2013년 10월 20일 일요일

Analytical Essay_ AP English Language 1

Linda, a slave girl, narrates her experiences in ornate diction and a scathing tone to express her attitude toward the inequality and absurdity of society. She provides several anecdotes to define her stance about slavery and double standard of white men.

Through repeating the same phrases and sentence structures, the author delivers her criticism toward slavery. Linda uses four sentences starting with “Tell them…” to list down the condoned sinful acts that white men have practiced. Similarly, Linda gives out rhetorical questions to induce the readers to have second thoughts about the agony of slaves which is ignored by the blinded white men who do not have any “interest in the poor and the lowly.” She throws the questions in a strong voice, full of emotions, to figure out the cruelty of the slaveholders one by one.

Linda shows her critical acumen about the hypocrisy of the slaveholders by offering a number of stories from personal experiences. An example of a clergyman is used to show derision toward the visitors from the north who fails to see the reality of the slavery in the south. Only looking at the smallest portion of their lives, the northerners conclude that the slaves do not want freedom, and then have “hallelujah meetings and other religious privileges.” With the use of several descriptive words, the author contradicts the wretched truth and gilded slavery.

Several cases of double standard of the white men are portrayed throughout the whole passage.

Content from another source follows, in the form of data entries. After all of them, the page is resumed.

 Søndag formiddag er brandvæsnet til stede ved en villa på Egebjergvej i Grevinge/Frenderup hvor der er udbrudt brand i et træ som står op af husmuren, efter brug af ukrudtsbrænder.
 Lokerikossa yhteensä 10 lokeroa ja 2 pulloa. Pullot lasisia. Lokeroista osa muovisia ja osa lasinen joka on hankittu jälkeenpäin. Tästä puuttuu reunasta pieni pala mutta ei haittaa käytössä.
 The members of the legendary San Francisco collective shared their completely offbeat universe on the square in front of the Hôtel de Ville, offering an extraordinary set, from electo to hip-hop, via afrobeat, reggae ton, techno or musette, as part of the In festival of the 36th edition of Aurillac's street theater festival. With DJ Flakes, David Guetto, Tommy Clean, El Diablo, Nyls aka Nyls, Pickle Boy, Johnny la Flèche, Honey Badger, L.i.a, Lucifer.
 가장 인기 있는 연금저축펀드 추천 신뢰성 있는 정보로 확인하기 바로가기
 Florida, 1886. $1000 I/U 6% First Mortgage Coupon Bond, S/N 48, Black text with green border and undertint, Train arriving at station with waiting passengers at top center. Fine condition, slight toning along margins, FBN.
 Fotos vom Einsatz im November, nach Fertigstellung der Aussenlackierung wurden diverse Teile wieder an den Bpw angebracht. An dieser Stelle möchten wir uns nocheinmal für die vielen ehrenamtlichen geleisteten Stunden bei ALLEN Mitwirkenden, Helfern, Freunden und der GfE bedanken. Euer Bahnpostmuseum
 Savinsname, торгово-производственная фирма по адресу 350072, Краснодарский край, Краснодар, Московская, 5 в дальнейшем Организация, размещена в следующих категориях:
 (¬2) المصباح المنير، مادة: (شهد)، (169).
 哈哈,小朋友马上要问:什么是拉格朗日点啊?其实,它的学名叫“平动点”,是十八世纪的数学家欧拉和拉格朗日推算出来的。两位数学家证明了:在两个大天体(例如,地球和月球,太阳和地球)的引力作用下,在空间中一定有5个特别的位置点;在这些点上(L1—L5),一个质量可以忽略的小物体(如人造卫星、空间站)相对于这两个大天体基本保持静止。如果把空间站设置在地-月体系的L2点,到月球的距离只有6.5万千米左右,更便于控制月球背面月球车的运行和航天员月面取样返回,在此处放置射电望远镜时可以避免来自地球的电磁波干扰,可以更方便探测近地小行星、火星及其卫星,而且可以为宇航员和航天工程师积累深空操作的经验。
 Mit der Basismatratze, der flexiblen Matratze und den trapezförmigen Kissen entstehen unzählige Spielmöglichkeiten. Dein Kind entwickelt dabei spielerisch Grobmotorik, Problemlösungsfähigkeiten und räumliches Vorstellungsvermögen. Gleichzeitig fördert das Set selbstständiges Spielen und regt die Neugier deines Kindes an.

The slaveholders think that they are religious if they make offering which actually is the “price of blood”, came from the money they earned through slave trades. Also, religion does not seem to have any purifying effect, since the doctor still shows abusive and insulting behaviors toward the slaves. He considers women like playthings, ordering Linda to “be faithful and do what he requires to be as virtuous as his wife” while remaining to have “renounced the devil and all his works” outwardly.


The author ends the passage with a song of slaves, which has a negative connotation toward slavery. She compares the south to “Ole Satan’s church” while compares the north to “God’s free church.” This shows how she is confined in the brutal slavery of the south and how much she wants to go to the free north.